Write the records out again exactly as they read, dropping any picture they hold.
═══ PROVIDED INFORMATION
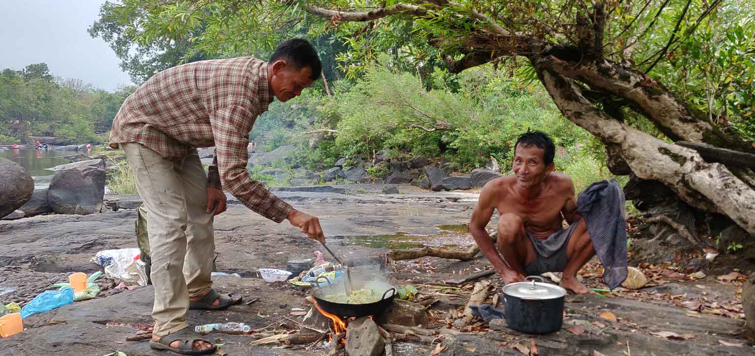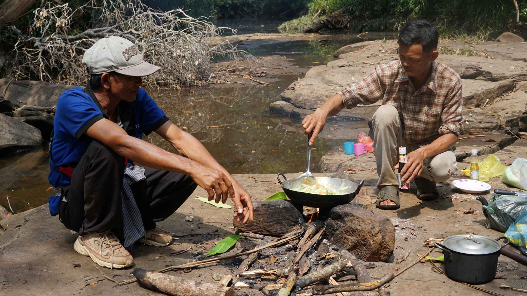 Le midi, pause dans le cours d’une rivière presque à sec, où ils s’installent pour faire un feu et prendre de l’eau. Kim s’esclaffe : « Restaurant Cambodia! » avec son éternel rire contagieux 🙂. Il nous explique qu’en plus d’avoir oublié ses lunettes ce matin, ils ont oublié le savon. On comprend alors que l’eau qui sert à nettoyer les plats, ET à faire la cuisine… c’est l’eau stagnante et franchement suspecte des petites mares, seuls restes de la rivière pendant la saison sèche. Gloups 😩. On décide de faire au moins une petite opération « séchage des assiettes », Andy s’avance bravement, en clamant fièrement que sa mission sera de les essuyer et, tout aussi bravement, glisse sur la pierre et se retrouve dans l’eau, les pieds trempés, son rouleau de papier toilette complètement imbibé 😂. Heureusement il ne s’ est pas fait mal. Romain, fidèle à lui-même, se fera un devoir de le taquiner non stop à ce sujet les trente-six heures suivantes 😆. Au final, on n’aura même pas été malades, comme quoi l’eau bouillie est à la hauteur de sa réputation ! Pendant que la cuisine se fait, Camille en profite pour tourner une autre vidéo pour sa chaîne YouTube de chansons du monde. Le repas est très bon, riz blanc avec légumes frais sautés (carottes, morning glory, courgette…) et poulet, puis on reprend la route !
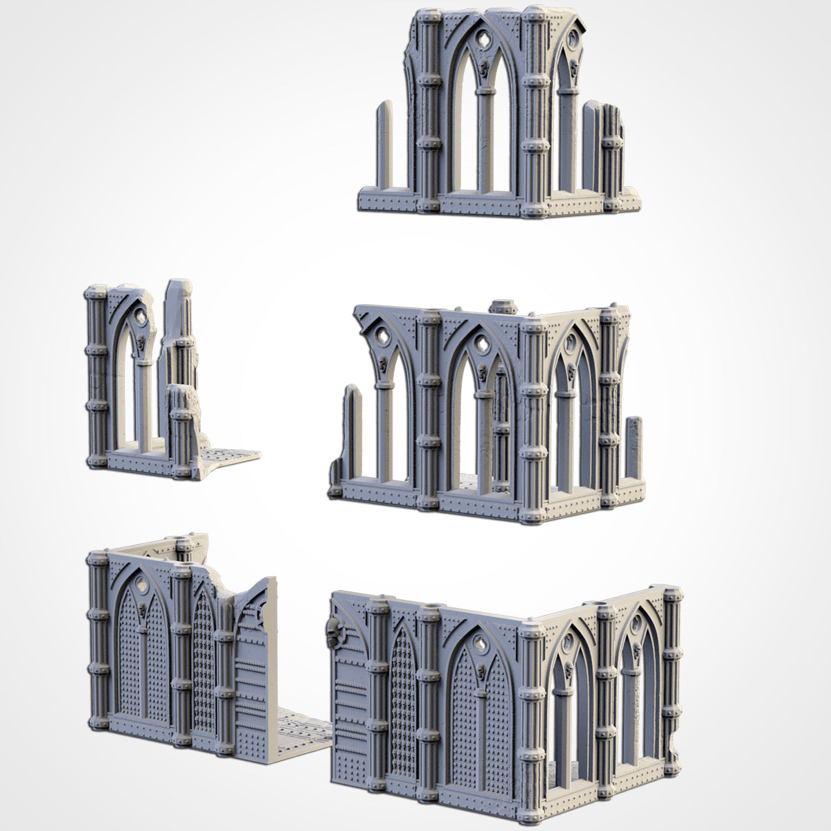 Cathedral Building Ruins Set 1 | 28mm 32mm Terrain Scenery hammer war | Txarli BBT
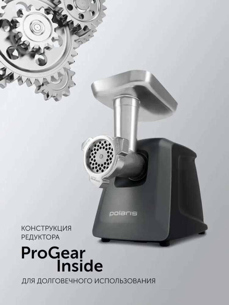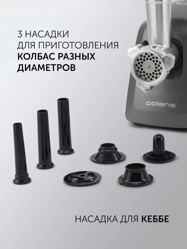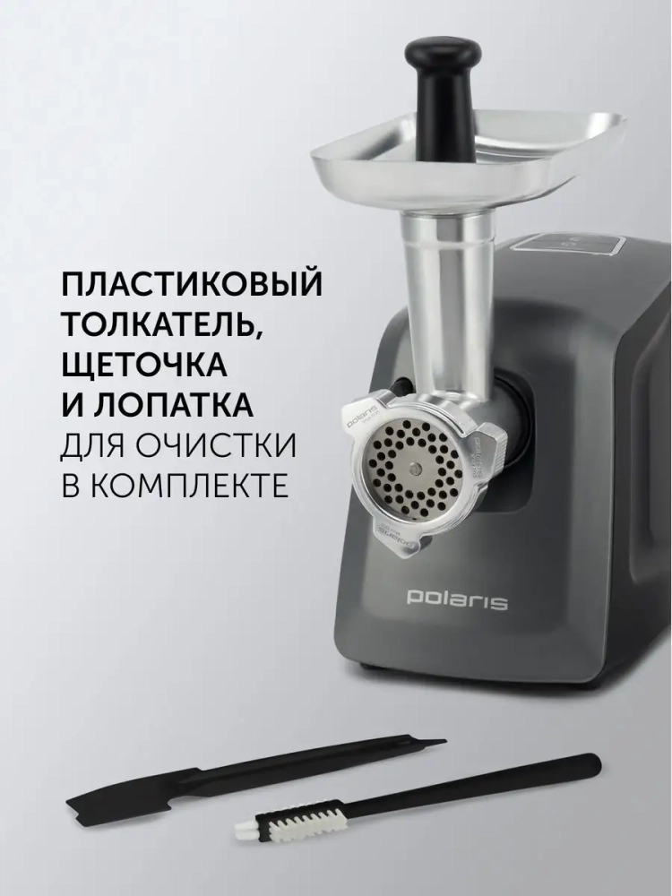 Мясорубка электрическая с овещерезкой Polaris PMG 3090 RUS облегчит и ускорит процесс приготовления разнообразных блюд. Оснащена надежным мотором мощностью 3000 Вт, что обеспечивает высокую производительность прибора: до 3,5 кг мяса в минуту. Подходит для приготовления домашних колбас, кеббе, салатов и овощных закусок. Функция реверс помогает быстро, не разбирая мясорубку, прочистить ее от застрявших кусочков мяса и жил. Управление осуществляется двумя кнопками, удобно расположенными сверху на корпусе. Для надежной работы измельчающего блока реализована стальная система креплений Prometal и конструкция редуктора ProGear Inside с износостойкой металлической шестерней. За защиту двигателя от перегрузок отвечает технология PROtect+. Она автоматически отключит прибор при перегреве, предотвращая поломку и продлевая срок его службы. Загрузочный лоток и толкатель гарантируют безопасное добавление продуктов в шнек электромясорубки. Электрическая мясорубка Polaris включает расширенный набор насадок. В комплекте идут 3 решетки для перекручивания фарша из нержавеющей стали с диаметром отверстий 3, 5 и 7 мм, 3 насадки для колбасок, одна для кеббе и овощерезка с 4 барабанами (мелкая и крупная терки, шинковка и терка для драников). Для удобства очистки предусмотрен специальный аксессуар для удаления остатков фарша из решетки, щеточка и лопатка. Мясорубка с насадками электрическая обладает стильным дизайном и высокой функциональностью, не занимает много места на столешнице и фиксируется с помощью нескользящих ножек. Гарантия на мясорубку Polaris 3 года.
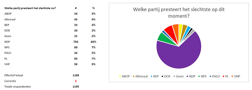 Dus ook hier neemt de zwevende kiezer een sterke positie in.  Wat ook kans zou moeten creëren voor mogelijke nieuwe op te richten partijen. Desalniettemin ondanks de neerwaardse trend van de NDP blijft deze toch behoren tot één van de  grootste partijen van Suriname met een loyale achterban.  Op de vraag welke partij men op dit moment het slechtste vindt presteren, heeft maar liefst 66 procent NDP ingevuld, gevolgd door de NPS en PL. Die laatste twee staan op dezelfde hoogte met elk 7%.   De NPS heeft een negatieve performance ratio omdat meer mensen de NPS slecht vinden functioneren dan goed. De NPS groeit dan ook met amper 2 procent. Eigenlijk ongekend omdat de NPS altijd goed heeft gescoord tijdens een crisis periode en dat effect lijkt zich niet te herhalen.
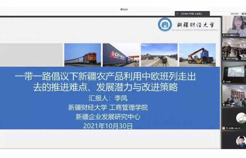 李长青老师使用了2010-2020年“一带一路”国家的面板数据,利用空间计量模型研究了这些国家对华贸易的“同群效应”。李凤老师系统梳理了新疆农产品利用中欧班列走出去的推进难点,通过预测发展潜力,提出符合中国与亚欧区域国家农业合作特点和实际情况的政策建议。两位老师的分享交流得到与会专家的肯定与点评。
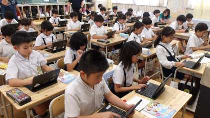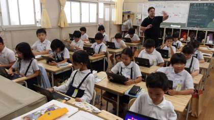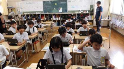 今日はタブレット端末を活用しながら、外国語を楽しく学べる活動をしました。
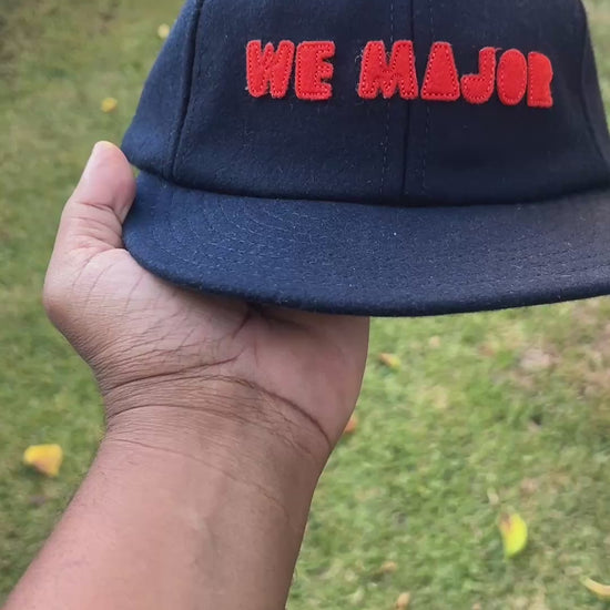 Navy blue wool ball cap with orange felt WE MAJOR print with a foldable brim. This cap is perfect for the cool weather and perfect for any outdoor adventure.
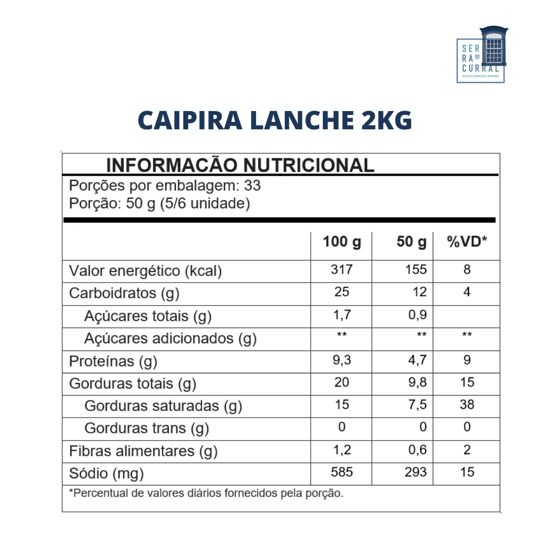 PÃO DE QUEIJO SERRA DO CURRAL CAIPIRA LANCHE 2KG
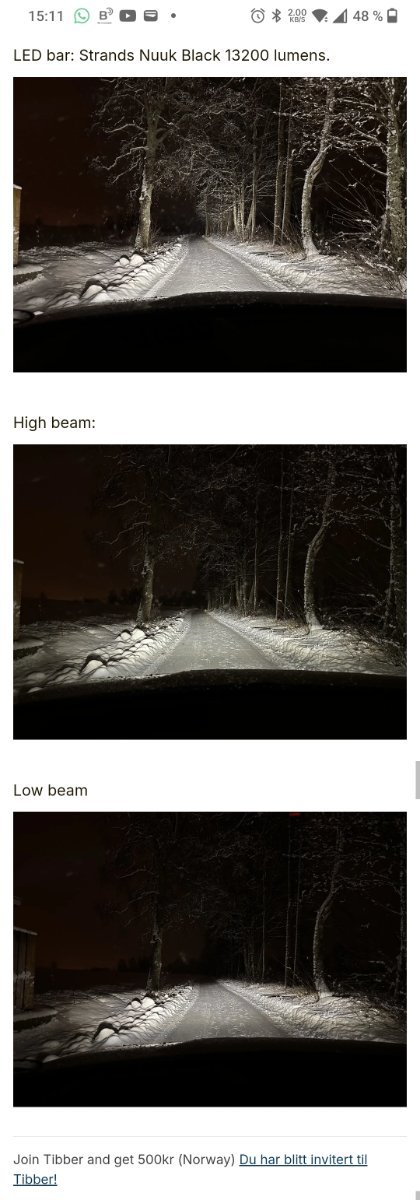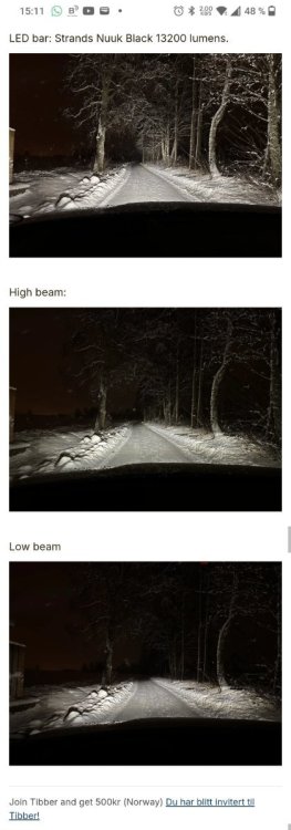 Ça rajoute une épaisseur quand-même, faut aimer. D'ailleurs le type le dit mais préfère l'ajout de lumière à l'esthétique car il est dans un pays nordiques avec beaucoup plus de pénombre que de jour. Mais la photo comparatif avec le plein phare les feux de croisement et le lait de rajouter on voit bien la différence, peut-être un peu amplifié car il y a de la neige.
══════
» **REPLY TO THE TASK**
 Le midi, pause dans le cours d’une rivière presque à sec, où ils s’installent pour faire un feu et prendre de l’eau. Kim s’esclaffe : « Restaurant Cambodia! » avec son éternel rire contagieux 🙂. Il nous explique qu’en plus d’avoir oublié ses lunettes ce matin, ils ont oublié le savon. On comprend alors que l’eau qui sert à nettoyer les plats, ET à faire la cuisine… c’est l’eau stagnante et franchement suspecte des petites mares, seuls restes de la rivière pendant la saison sèche. Gloups 😩. On décide de faire au moins une petite opération « séchage des assiettes », Andy s’avance bravement, en clamant fièrement que sa mission sera de les essuyer et, tout aussi bravement, glisse sur la pierre et se retrouve dans l’eau, les pieds trempés, son rouleau de papier toilette complètement imbibé 😂. Heureusement il ne s’ est pas fait mal. Romain, fidèle à lui-même, se fera un devoir de le taquiner non stop à ce sujet les trente-six heures suivantes 😆. Au final, on n’aura même pas été malades, comme quoi l’eau bouillie est à la hauteur de sa réputation ! Pendant que la cuisine se fait, Camille en profite pour tourner une autre vidéo pour sa chaîne YouTube de chansons du monde. Le repas est très bon, riz blanc avec légumes frais sautés (carottes, morning glory, courgette…) et poulet, puis on reprend la route !
 Cathedral Building Ruins Set 1 | 28mm 32mm Terrain Scenery hammer war | Txarli BBT
 Мясорубка электрическая с овещерезкой Polaris PMG 3090 RUS облегчит и ускорит процесс приготовления разнообразных блюд. Оснащена надежным мотором мощностью 3000 Вт, что обеспечивает высокую производительность прибора: до 3,5 кг мяса в минуту. Подходит для приготовления домашних колбас, кеббе, салатов и овощных закусок. Функция реверс помогает быстро, не разбирая мясорубку, прочистить ее от застрявших кусочков мяса и жил. Управление осуществляется двумя кнопками, удобно расположенными сверху на корпусе. Для надежной работы измельчающего блока реализована стальная система креплений Prometal и конструкция редуктора ProGear Inside с износостойкой металлической шестерней. За защиту двигателя от перегрузок отвечает технология PROtect+. Она автоматически отключит прибор при перегреве, предотвращая поломку и продлевая срок его службы. Загрузочный лоток и толкатель гарантируют безопасное добавление продуктов в шнек электромясорубки. Электрическая мясорубка Polaris включает расширенный набор насадок. В комплекте идут 3 решетки для перекручивания фарша из нержавеющей стали с диаметром отверстий 3, 5 и 7 мм, 3 насадки для колбасок, одна для кеббе и овощерезка с 4 барабанами (мелкая и крупная терки, шинковка и терка для драников). Для удобства очистки предусмотрен специальный аксессуар для удаления остатков фарша из решетки, щеточка и лопатка. Мясорубка с насадками электрическая обладает стильным дизайном и высокой функциональностью, не занимает много места на столешнице и фиксируется с помощью нескользящих ножек. Гарантия на мясорубку Polaris 3 года.
 Dus ook hier neemt de zwevende kiezer een sterke positie in.  Wat ook kans zou moeten creëren voor mogelijke nieuwe op te richten partijen. Desalniettemin ondanks de neerwaardse trend van de NDP blijft deze toch behoren tot één van de  grootste partijen van Suriname met een loyale achterban.  Op de vraag welke partij men op dit moment het slechtste vindt presteren, heeft maar liefst 66 procent NDP ingevuld, gevolgd door de NPS en PL. Die laatste twee staan op dezelfde hoogte met elk 7%.   De NPS heeft een negatieve performance ratio omdat meer mensen de NPS slecht vinden functioneren dan goed. De NPS groeit dan ook met amper 2 procent. Eigenlijk ongekend omdat de NPS altijd goed heeft gescoord tijdens een crisis periode en dat effect lijkt zich niet te herhalen.
 李长青老师使用了2010-2020年“一带一路”国家的面板数据,利用空间计量模型研究了这些国家对华贸易的“同群效应”。李凤老师系统梳理了新疆农产品利用中欧班列走出去的推进难点,通过预测发展潜力,提出符合中国与亚欧区域国家农业合作特点和实际情况的政策建议。两位老师的分享交流得到与会专家的肯定与点评。
 今日はタブレット端末を活用しながら、外国語を楽しく学べる活動をしました。
 Navy blue wool ball cap with orange felt WE MAJOR print with a foldable brim. This cap is perfect for the cool weather and perfect for any outdoor adventure.
 PÃO DE QUEIJO SERRA DO CURRAL CAIPIRA LANCHE 2KG
 Ça rajoute une épaisseur quand-même, faut aimer. D'ailleurs le type le dit mais préfère l'ajout de lumière à l'esthétique car il est dans un pays nordiques avec beaucoup plus de pénombre que de jour. Mais la photo comparatif avec le plein phare les feux de croisement et le lait de rajouter on voit bien la différence, peut-être un peu amplifié car il y a de la neige.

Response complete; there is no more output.